Prominent economist Mohamed El-Erian highlighted Bloomberg Opinion columnist John Authers‘ analysis showing how inflation could derail President-elect Donald Trump‘s economic agenda before it begins, as markets await crucial December Consumer Price Index data.
What Happened: El-Erian, Chief Economic Advisor at Allianz, shared Authers’ opinion piece on Tuesday revealing stark political divisions in inflation expectations. According to Authers’ analysis of University of Michigan data, Democrats anticipate 4% inflation while Republicans project just 0.1% – a historically low level not seen in nearly 70 years without major oil price declines.
The December CPI report, due Wednesday, is expected to show headline inflation rising to 2.9% year-over-year from November’s 2.7%, according to consensus estimates. Core inflation, excluding food and energy, is forecast to hold steady at 3.3%.

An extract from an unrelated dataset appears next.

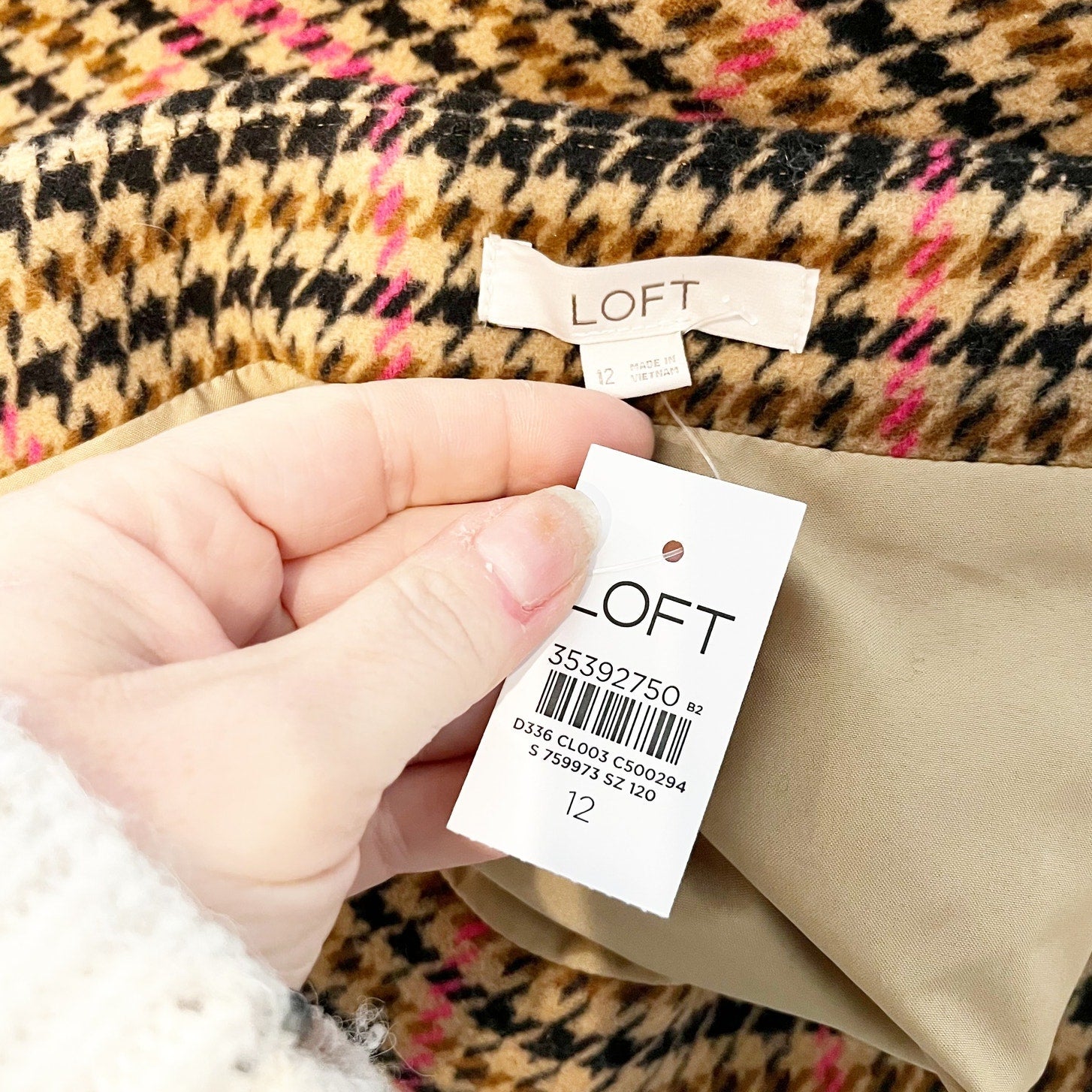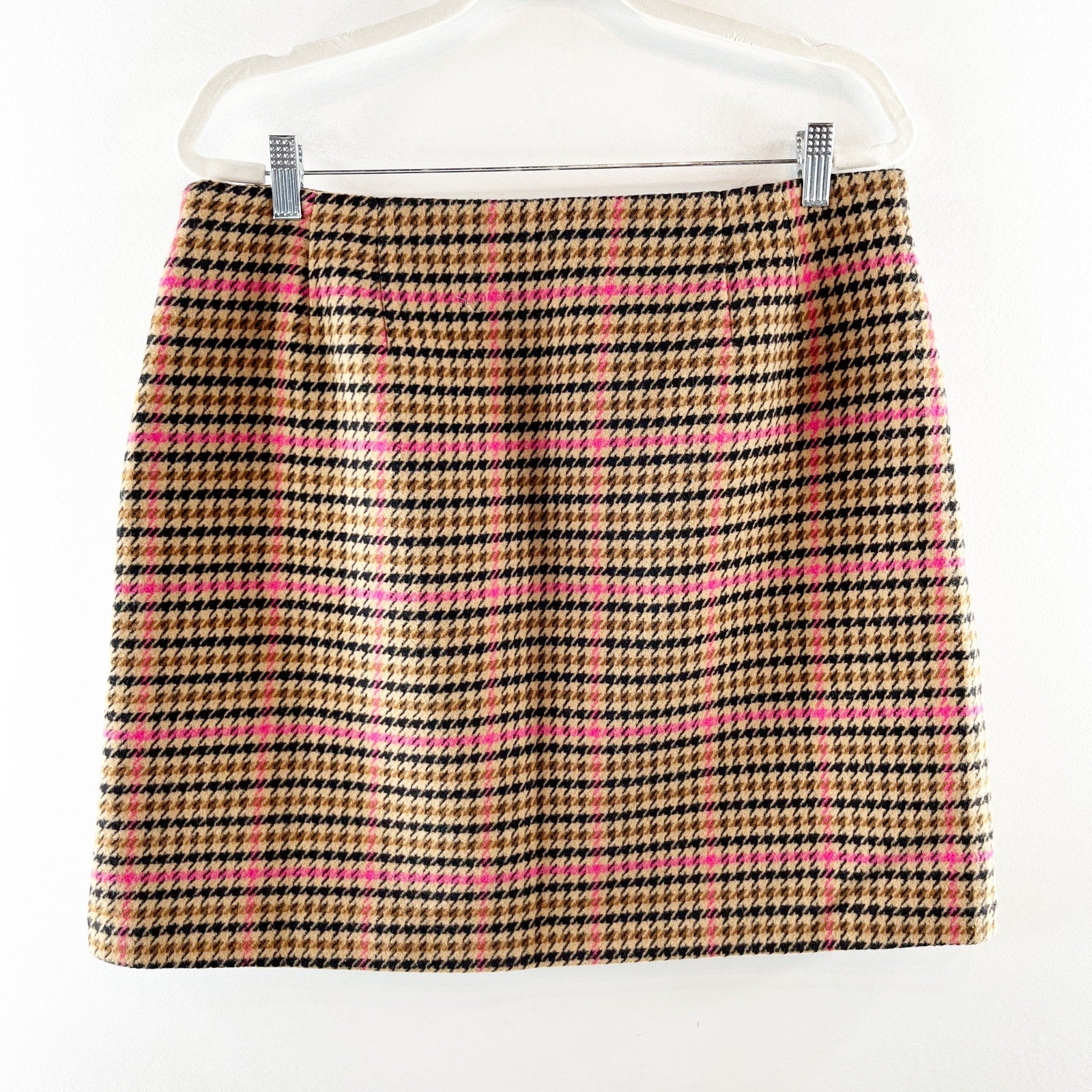 LOFT Plaid Lined Mini Skirt Brown Pink 12
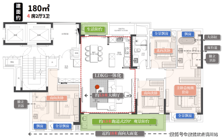 建面约180㎡户型,看尺寸就让人感到奢阔:近约18米的南向大面宽、近约9米的转角阳台、LDKG一体超级巨厅、还有2大套房.....

Market indicators suggest persistent inflation pressures. Authers notes the 10-year breakeven rate, measuring market-based inflation expectations, has climbed to the top of its two-year range. The University of Michigan’s consumer survey showed five-year inflation expectations at 3.3%, the highest since 2008.
Why It Matters: “If inflation remains sticky, monetary policymakers will be responsible,” said Joe Lavorgna, former Trump administration economic advisor at SMBC Nikko, questioning the Federal Reserve’s recent rate cuts despite upward revisions to growth and inflation forecasts.
The inflation outlook complicates Trump’s proposed economic policies, including planned tariffs that could fuel price pressures. While reports show that the Trump team is studying gradual tariff increases under emergency powers, any significant trade barriers could challenge efforts to contain inflation.
Fed funds futures currently show a 55% probability of rate cuts by June 2025, though persistent inflation could delay monetary easing into late 2025 or 2026, potentially constraining Trump’s growth initiatives.